--- EXERCISE GOAL ---
In the material below, find the line containing "Fontaine, carrefour rue" and the line containing "Ørsted er i", then reproduce exactly both of them and every line between, and nothing else.

--- RECORDS FOR THIS TASK ---
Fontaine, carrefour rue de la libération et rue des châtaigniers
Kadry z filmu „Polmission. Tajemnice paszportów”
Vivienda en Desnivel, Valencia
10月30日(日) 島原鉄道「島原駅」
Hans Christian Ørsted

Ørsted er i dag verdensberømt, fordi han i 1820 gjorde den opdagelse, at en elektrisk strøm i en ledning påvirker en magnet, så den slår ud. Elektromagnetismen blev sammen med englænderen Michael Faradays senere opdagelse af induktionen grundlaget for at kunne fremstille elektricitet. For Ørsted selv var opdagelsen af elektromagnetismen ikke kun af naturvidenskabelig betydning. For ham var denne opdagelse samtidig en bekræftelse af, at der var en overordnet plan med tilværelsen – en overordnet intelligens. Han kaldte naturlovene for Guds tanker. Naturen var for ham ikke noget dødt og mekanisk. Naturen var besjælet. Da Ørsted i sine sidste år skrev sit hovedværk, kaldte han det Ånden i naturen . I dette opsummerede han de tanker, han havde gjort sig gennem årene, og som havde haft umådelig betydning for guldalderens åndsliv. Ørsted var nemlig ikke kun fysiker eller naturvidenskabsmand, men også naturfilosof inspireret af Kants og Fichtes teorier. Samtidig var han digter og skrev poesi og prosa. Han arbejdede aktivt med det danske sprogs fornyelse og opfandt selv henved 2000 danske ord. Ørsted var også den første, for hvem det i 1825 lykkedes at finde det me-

--

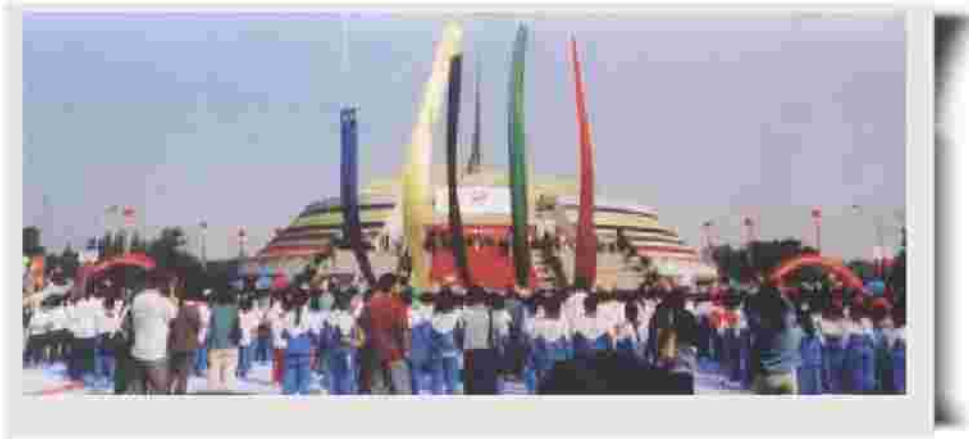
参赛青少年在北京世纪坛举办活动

--- RESULT BELOW ---
Fontaine, carrefour rue de la libération et rue des châtaigniers
Kadry z filmu „Polmission. Tajemnice paszportów”
Vivienda en Desnivel, Valencia
10月30日(日) 島原鉄道「島原駅」
Hans Christian Ørsted

Ørsted er i dag verdensberømt, fordi han i 1820 gjorde den opdagelse, at en elektrisk strøm i en ledning påvirker en magnet, så den slår ud. Elektromagnetismen blev sammen med englænderen Michael Faradays senere opdagelse af induktionen grundlaget for at kunne fremstille elektricitet. For Ørsted selv var opdagelsen af elektromagnetismen ikke kun af naturvidenskabelig betydning. For ham var denne opdagelse samtidig en bekræftelse af, at der var en overordnet plan med tilværelsen – en overordnet intelligens. Han kaldte naturlovene for Guds tanker. Naturen var for ham ikke noget dødt og mekanisk. Naturen var besjælet. Da Ørsted i sine sidste år skrev sit hovedværk, kaldte han det Ånden i naturen . I dette opsummerede han de tanker, han havde gjort sig gennem årene, og som havde haft umådelig betydning for guldalderens åndsliv. Ørsted var nemlig ikke kun fysiker eller naturvidenskabsmand, men også naturfilosof inspireret af Kants og Fichtes teorier. Samtidig var han digter og skrev poesi og prosa. Han arbejdede aktivt med det danske sprogs fornyelse og opfandt selv henved 2000 danske ord. Ørsted var også den første, for hvem det i 1825 lykkedes at finde det me-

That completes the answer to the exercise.